■ **Data excerpt**:
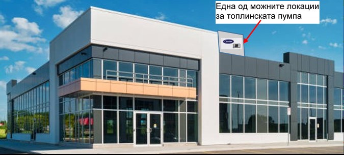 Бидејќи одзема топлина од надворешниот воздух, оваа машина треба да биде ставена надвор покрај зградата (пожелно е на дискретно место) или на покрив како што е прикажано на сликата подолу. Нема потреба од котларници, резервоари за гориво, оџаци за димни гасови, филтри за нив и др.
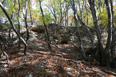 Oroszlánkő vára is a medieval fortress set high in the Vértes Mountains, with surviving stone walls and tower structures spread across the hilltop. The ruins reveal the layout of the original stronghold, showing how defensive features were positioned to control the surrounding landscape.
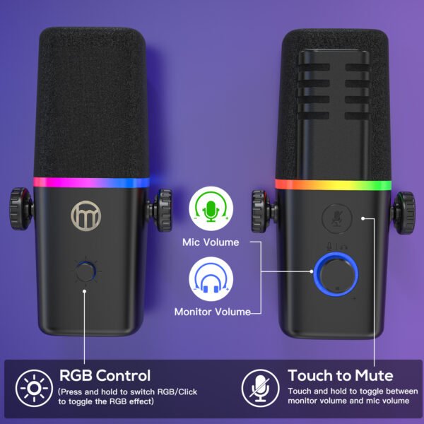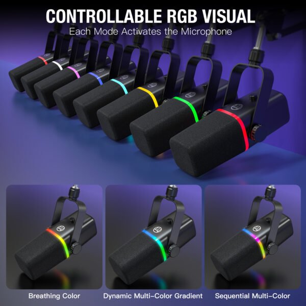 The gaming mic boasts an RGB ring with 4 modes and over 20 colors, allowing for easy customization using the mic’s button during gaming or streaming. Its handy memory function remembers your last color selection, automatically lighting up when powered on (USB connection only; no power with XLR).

■ **Description of the task**:
Print exactly the line containing "Oroszlánkő vára is" and every line after it through the final line above, and leave all pictures out.

■ **Result of the exercise**:
 Oroszlánkő vára is a medieval fortress set high in the Vértes Mountains, with surviving stone walls and tower structures spread across the hilltop. The ruins reveal the layout of the original stronghold, showing how defensive features were positioned to control the surrounding landscape.
 The gaming mic boasts an RGB ring with 4 modes and over 20 colors, allowing for easy customization using the mic’s button during gaming or streaming. Its handy memory function remembers your last color selection, automatically lighting up when powered on (USB connection only; no power with XLR).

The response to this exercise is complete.